▶ **WHAT YOU ARE ASKED TO DO**: Pictures aside, write out the data exactly as it reads.

▶ **AVAILABLE DATA**:
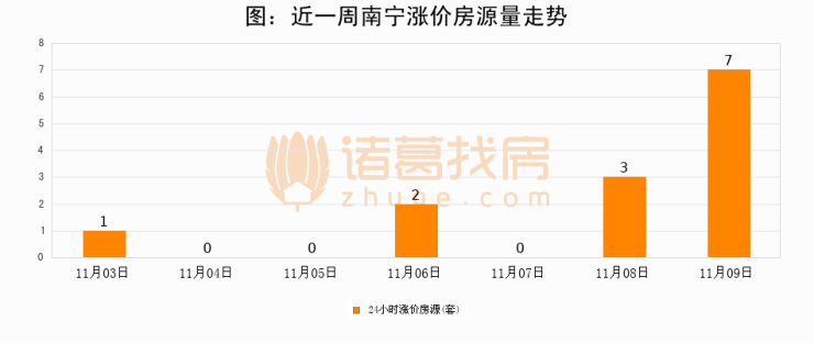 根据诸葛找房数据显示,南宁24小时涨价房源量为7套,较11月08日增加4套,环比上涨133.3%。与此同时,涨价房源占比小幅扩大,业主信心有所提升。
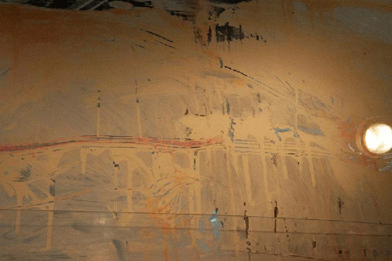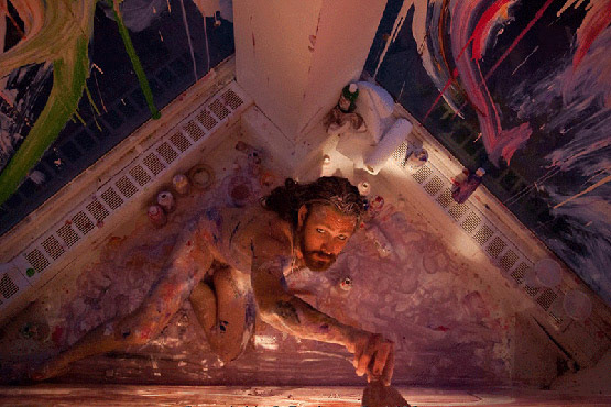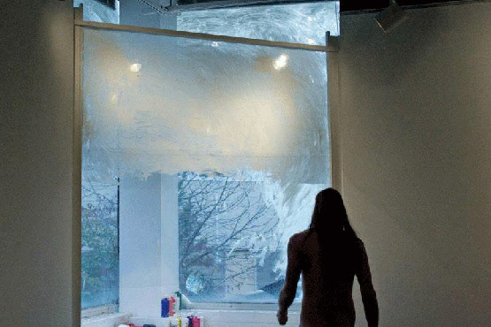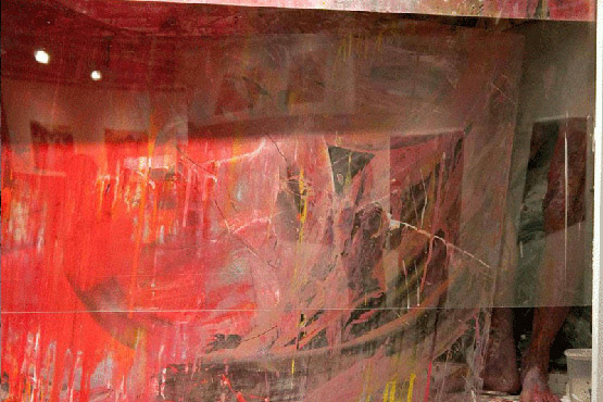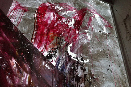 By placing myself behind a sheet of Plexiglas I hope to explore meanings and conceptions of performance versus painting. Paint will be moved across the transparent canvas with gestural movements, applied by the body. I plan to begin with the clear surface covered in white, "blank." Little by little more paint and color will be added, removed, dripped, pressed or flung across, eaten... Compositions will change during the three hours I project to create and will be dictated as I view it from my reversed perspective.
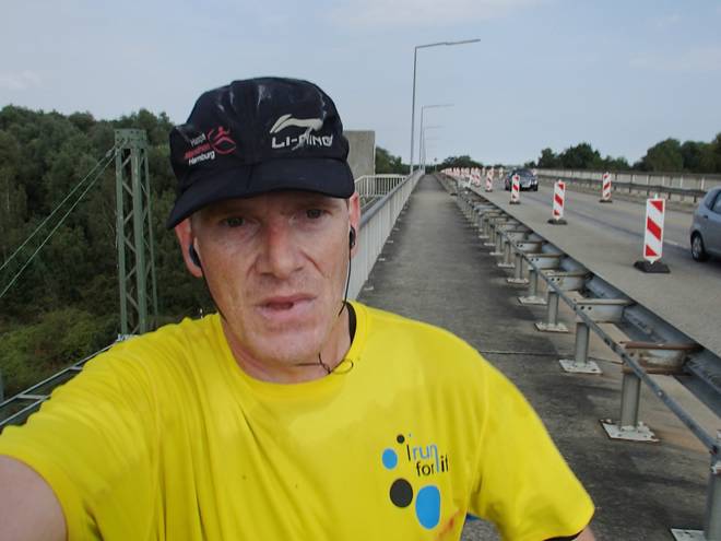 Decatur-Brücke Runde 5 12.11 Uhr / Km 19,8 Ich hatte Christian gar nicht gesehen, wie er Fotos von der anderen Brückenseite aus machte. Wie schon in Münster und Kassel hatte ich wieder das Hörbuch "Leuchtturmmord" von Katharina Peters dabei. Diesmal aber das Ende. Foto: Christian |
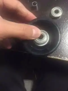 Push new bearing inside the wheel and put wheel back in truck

▶ **ANSWER SPACE**:
 根据诸葛找房数据显示,南宁24小时涨价房源量为7套,较11月08日增加4套,环比上涨133.3%。与此同时,涨价房源占比小幅扩大,业主信心有所提升。
 By placing myself behind a sheet of Plexiglas I hope to explore meanings and conceptions of performance versus painting. Paint will be moved across the transparent canvas with gestural movements, applied by the body. I plan to begin with the clear surface covered in white, "blank." Little by little more paint and color will be added, removed, dripped, pressed or flung across, eaten... Compositions will change during the three hours I project to create and will be dictated as I view it from my reversed perspective.
 Decatur-Brücke Runde 5 12.11 Uhr / Km 19,8 Ich hatte Christian gar nicht gesehen, wie er Fotos von der anderen Brückenseite aus machte. Wie schon in Münster und Kassel hatte ich wieder das Hörbuch "Leuchtturmmord" von Katharina Peters dabei. Diesmal aber das Ende. Foto: Christian |
 Push new bearing inside the wheel and put wheel back in truck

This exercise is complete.